Our focus in this chapter is on one key dimension of the Court’s power: its ability to induce lower courts to abide by its precedents, hence increasing its influence and impact. As a preliminary matter, we note that the question of what impact the Supreme Court has is certainly much broader than the extent to which the nation’s high court can command lower court compliance. Understanding the impact of the Court requires understanding the ability of the Court to exert influence in society writ large.2 Accordingly, alternative foci for the study of the Court’s impact include, for example, the Court’s influence on congressional behavior (Martin 2001), the development and administration of higher education admissions policies (Taylor, Haynie, and Sill 2008), or the presence of small-town displays of religious symbols in late December (Segal, Spaeth, and Benesh 2005, 368).3 Scholars vigorously debate whether the Court can indeed exert a broad impact in society given its enforcement challenges (Hall 2011; Rosenberg 2008; cf. McCann 1994), and some even suggest that the Court, when it makes controversial decisions in a given issue area, can make matters worse by creating a backlash (Keck 2009). Nonetheless, lower court compliance certainly affects Supreme Court impact—without compliance by lower courts and other actors affected by Supreme Court decisions and without their responsiveness to changes in Supreme Court doctrine, the Court can have no impact.4 Thus, the appeal of focusing on lower court compliance lies in the fact that the lower courts constitute “the first link in the chain of events that gives a judicial decision its impact” (Canon and Johnson 1999, 29).
We begin our consideration of compliance by examining the leading models of lower court compliance. We then discuss the legitimacy of the Supreme Court and its power as derived from that support, considering the extent to which the mere moral force of Supreme Court authority might compel compliance with its rulings by the lower state and federal courts, its most important of agents. Our inquiry is ultimately directed at the compelling question of whether it is inevitable that the lower courts will faithfully implement the precedents of the Supreme Court.

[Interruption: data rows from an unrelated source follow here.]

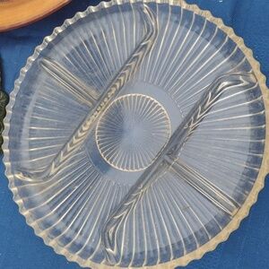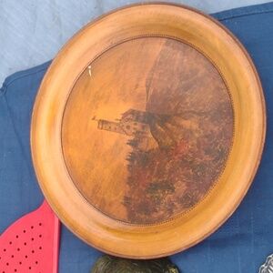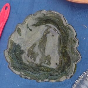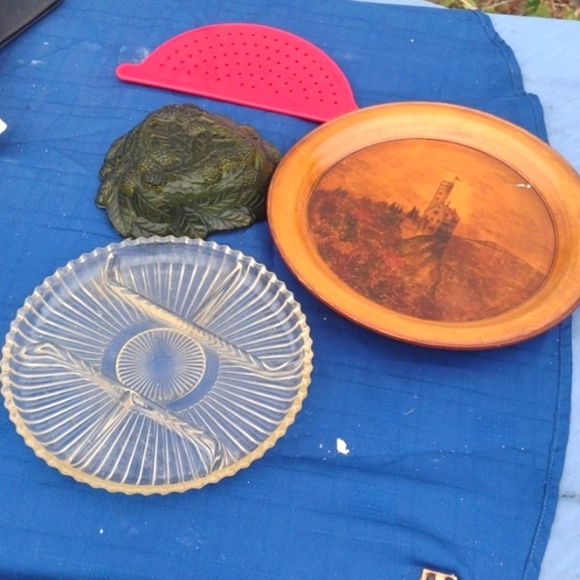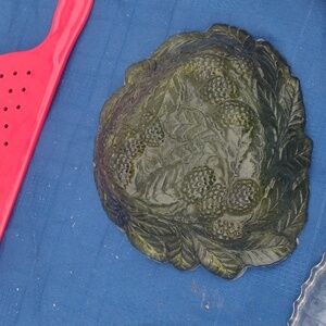 Crystal Dish/green grape pattern bowl/13" handpainted wooden plate from Italy very old/pot strainer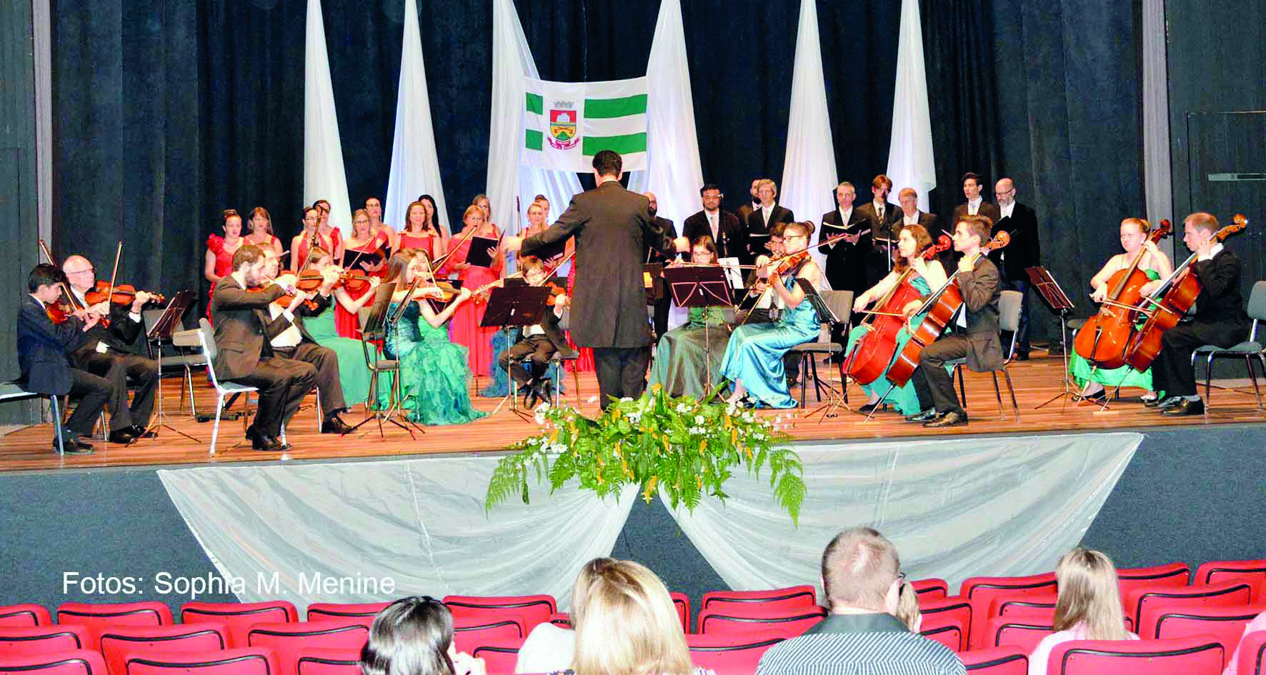O maestro Maurício Castelli regeu o coral e a orquestra, levando momentos de encanto para o público, finalizando a homenagem à cidade centenária com o Hino de Erechim e após o tradicional "Parabéns á você".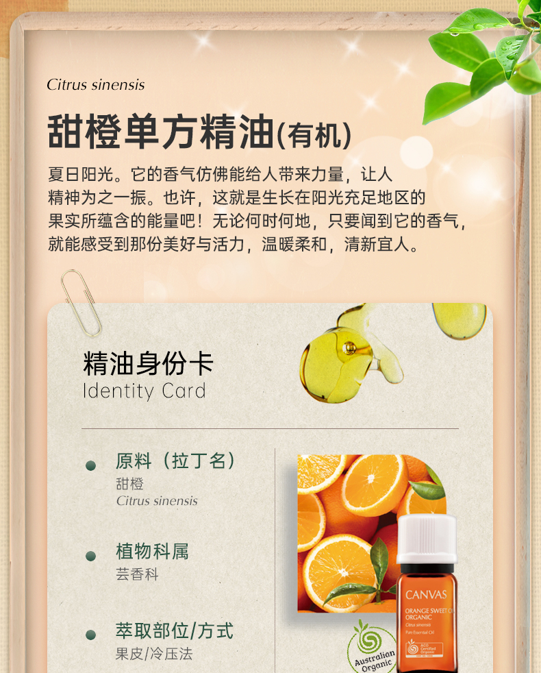保税直发 CANVAS 卡芬诗 甜橙单方香薰精油 12mL

Compliance with the Supreme Court
Scholars studying the Supreme Court originally paid little heed to how the Court’s rulings were treated by lower courts. Lower court compliance was simply taken as a given. As students of the Court became aware that compliance was not, in fact, a given (perhaps prompted by the Court’s efforts to desegregate public schools), they devoted increasingly more time and attention to understanding whether and how lower courts responded to the rulings of the nation’s highest court. Not surprisingly, then, early analyses of lower court compliance centered on evident noncompliance on the part of lower courts with Supreme Court precedents in controversial areas of the law, such as civil rights and liberties (see, for example, Murphy 1959; Peltason 1961). In contrast, most contemporary research on compliance has found that lower courts (as well as other actors, for that matter) generally comply with Supreme Court rulings across a variety of issue areas and under a variety of circumstances (see, for example, Benesh and Reddick 2002; Luse et al. 2009; Songer and Sheehan 1990). Of course, a lower court need not completely or overtly thwart Supreme Court precedent in order to provide a less-than-faithful application of it. Indeed, the lower courts have several options available to them should they find themselves faced with a Supreme Court precedent they find unappealing. They can interpret the decision narrowly, limiting the application of the precedent based on very specific factual differences between the precedential case and the case to which the precedent ostensibly applies (Canon and Johnson 1999, 92–114). They may cite their own opinions in lieu of citing the “offending” precedent (Manwaring 1968).5 They may attempt to distinguish their case from the one for which Supreme Court precedent is available (Caminker 1994). They may dispose of the case on procedural grounds (e.g., finding that the parties do not have standing to bring suit) (Canon and Johnson 1999, 92–114). They may criticize the Supreme Court while following it (Tarr 1977). Or, the lower courts may simply ignore the existence of the offending precedent (Reddick and Benesh 2000).
Given the wealth of tools at the disposal of lower courts to avoid adherence to Supreme Court precedents, the widespread compliance that has been documented seems like an enigma. To unravel that puzzle, scholars have employed a variety of frameworks for understanding the relationship between the Supreme Court and the lower courts and the dynamics of compliance. Communications theory, for example, draws attention to the clarity of the transmission of precedent from superior to inferior courts (Canon 1999, 442–443). An obvious prerequisite for compliance in that theory is that those responsible for complying are aware of the precedents with which they are to comply. Awareness of a decision, however, is unlikely to be problematic for lower court judges, as litigants (through their attorneys) and law clerks will likely call all relevant cases to the judges’ attention. Judges also have enhanced abilities to conduct their own online searches for case law, making it quite unlikely that a judge will not know about an applicable precedent (Cross et al. 2010). Indeed, given modern technology, lower courts probably hear of Supreme Court decisions immediately, long before they consider cases to which they may apply.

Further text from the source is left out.